The main Kell leaching and heat treatment unit operations are employed sequentially to assess (i) ultimate overall recoveries into solution and (ii) stagewise amenability to processing. Very high extractions of value metals have been achieved from a wide variety of PGM concentrates (listed in Table I), including UG2, Merensky, Platreef, Great Lakes, Great Dyke. and blends, indicating the robustness of the technology. To date, all PGM concentrates tested have been amenable to Kell processing, as illustrated in Table I. More extensive optimization and locked-cycle test work on each unit operation in the integrated Kell process has also been completed for several PGM concentrates.
According to Mpinga (2015), the complexity of PGM mineralogy makes for a complex metallurgical scenario where a priori prediction of feasible processes is difficult. This is certainly the case for PGM treatment technologies that do not address the mineralogical complexity. In Kell processing, however, the complex PGM mineral phases liberated in the POX stage are converted to simple leachable metallic phases in the heat treatment step, eliminating the complexity issue completely. Moreover, Kell removes sulphur, base metals, amphoterics, and iron in the leaching stages prior to chlorination, resulting in a clean chlorination leach solution. Leaching of metallic PGMs in the Cl2/HCl system is well-established chemistry, readily described by simple equilibrium potential-pH diagrams (Pourbaix, Van Muylder, and de Zoubov, 1959) and with rapid leach rates (Landsberg and Schaller, 1971).
Several refractory gold and polymetallic concentrates have been subjected to KellGold amenability testing, as shown in Table II. Additional leaching and metals recovery test work has also been completed on several of these concentrates.
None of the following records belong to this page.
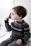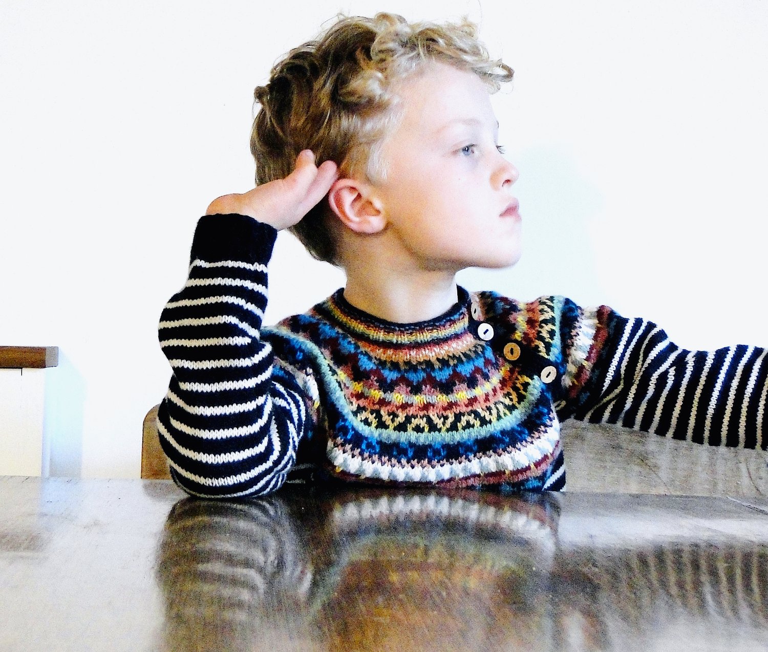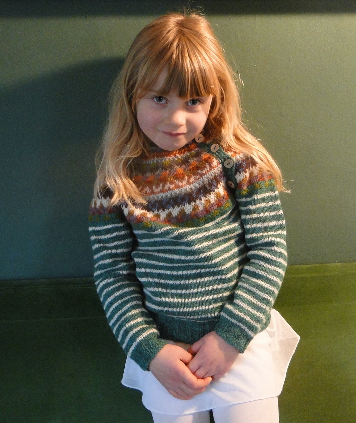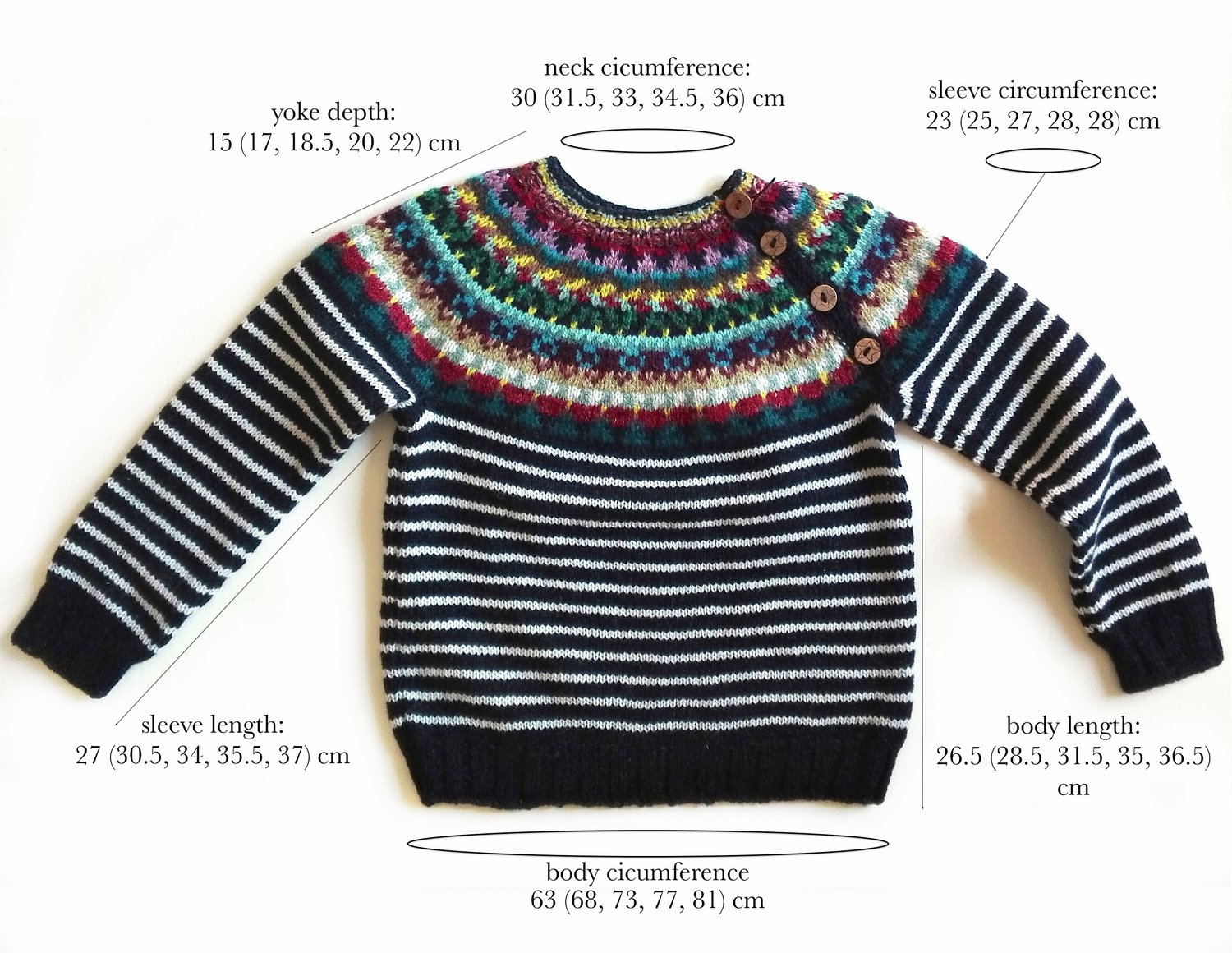 On 2.75 mm, in stocking stitch and after washing and blocking: 26 stitches and 36 rounds to 10 x 10 cm (4 x 4 inches). Or use any needles to get gauge, then use two sizes down for the ribbing. On the same needles: 26 stitches and 28 rounds to 10 x 10 cm (4 x 4 inches) in yoke pattern. Some knitters find their tension varies between the 2 techniques. Therefore, you may wish to changes needles once you start the yoke. It’s always best to do a test-swatch.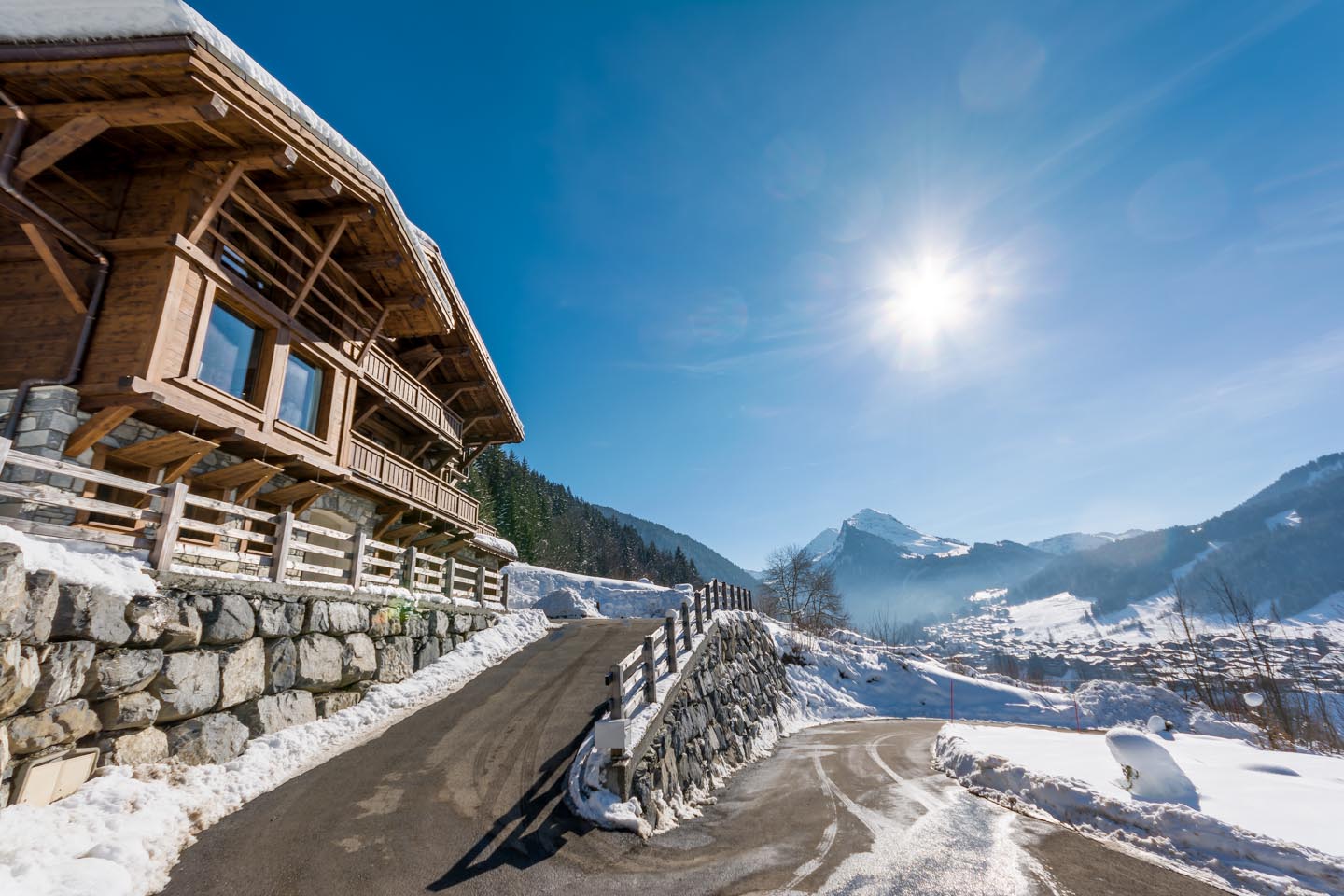 Chalet M has one of the most enviable locations in Morzine — sitting high on the sunny side of the town, with spectacular panoramic views across the resort to the slopes of Pleney and Nyon beyond.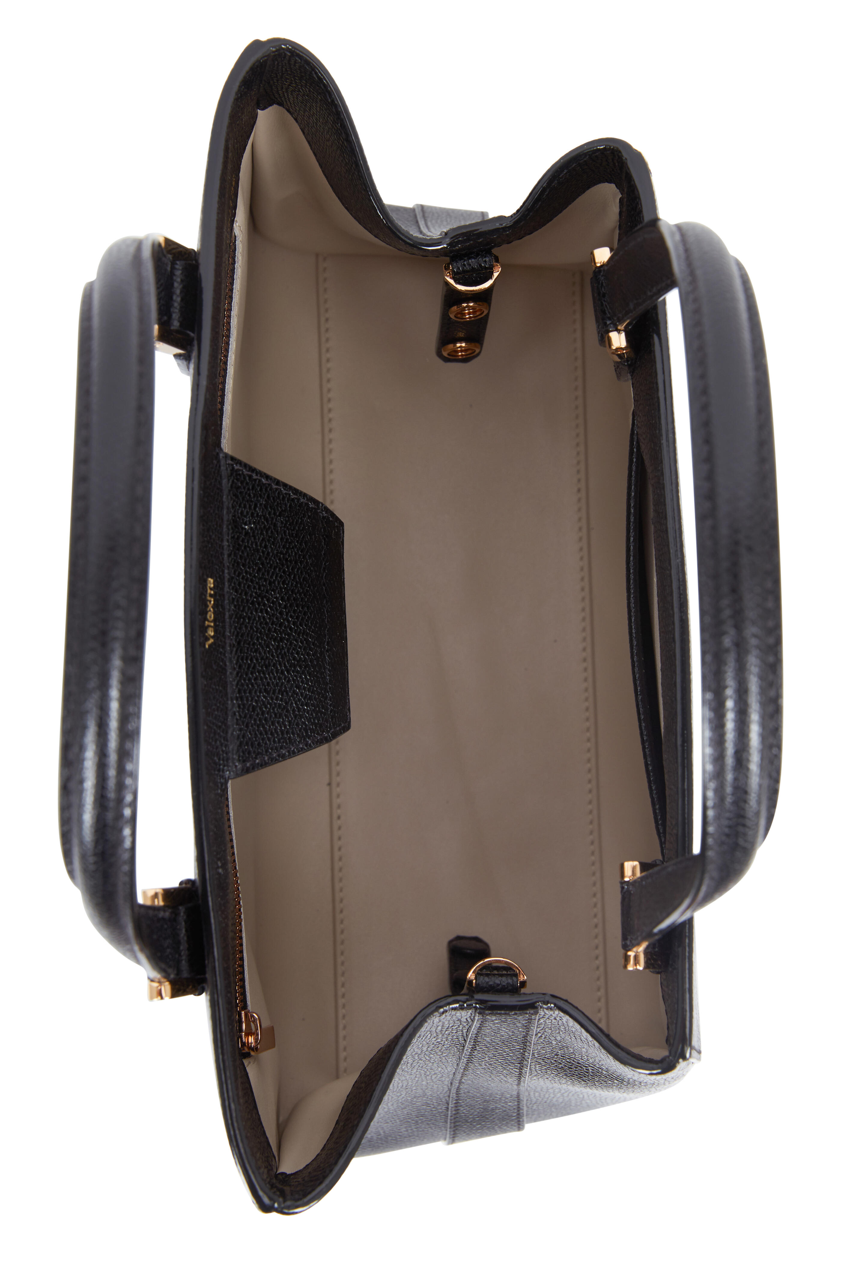 Leather. Dual flat top handles. Detachable flat shoulder strap. Asymmetric top line. Center snap-button tab closure. One interior zip and one open pocket. Lined in leather. Protective metal feet. Made in Italy. Width: 11". Height: 9". Depth: 5". Handle drop: 4 ½". Strap drop: 16".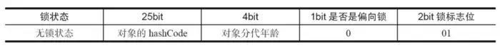 在同步的时候是获取对象的monitor,即获取到对象的锁。那么对象的锁怎么理解?无非就是类似对对象的一个标志,那么这个标志就是存放在Java对象的对象头。Java对象头里的Mark Word里默认的存放的对象的Hashcode,分代年龄和锁标记位。32为JVM Mark Word默认存储结构为(注:java对象头以及下面的锁状态变化摘自《java并发编程的艺术》一书,该书我认为写的足够好,就没在自己组织语言班门弄斧了):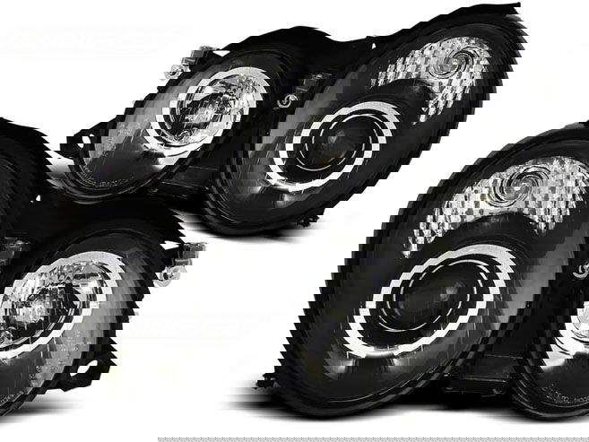 LAMPY PRZEDNIE REFLEKTORY RINGI LED BLACK do MERCEDES W208 CLK 97-02

Integrated pilot-plant operation
Several pilot-plant campaigns were carried out at commercial metallurgical testing laboratories between 2011 and 2016 to test Kell for the processing of PGM polymetallic concentrates for recovery of Pt, Pd, Au, Rh, Ni, Cu, and Co. The most comprehensive campaign was carried out at Simulus Laboratories in Perth, Australia in 2016 on concentrate from PPM, and ran for 9 weeks as a decoupled integrated circuit at approximately 1000 scale-up ratio (illustrated in Figure 6). An industry norm of about 8000-15 000 is typical for hydrometallurgical plants scaled up from pilot to eventual commercial scale (Adams et al., 2004). An informal survey of seven autoclave-based nickel hydrometallurgy projects that were piloted since 2000 and culminated in operating plants showed that six of the seven (Ravensthorpe, Ambatovy, Rio Tuba, Ramu, Taganito, Gordes) scaled up from pilot to full scale at scale-up ratios typically of >10 000 (Adams et al., 2004; Collins et al., 2005; Collins and Vardill, 2005; Valle et al., 2016; Wilkinson, 2006; Tsuchida, 2015; Yesil and Iplikcioglu, 2015). One operation (Goro) built and operated a demonstration-scale plant at a scale-up ratio of 1000. Therefore, the Kell PPM campaign was considered well within industry norms.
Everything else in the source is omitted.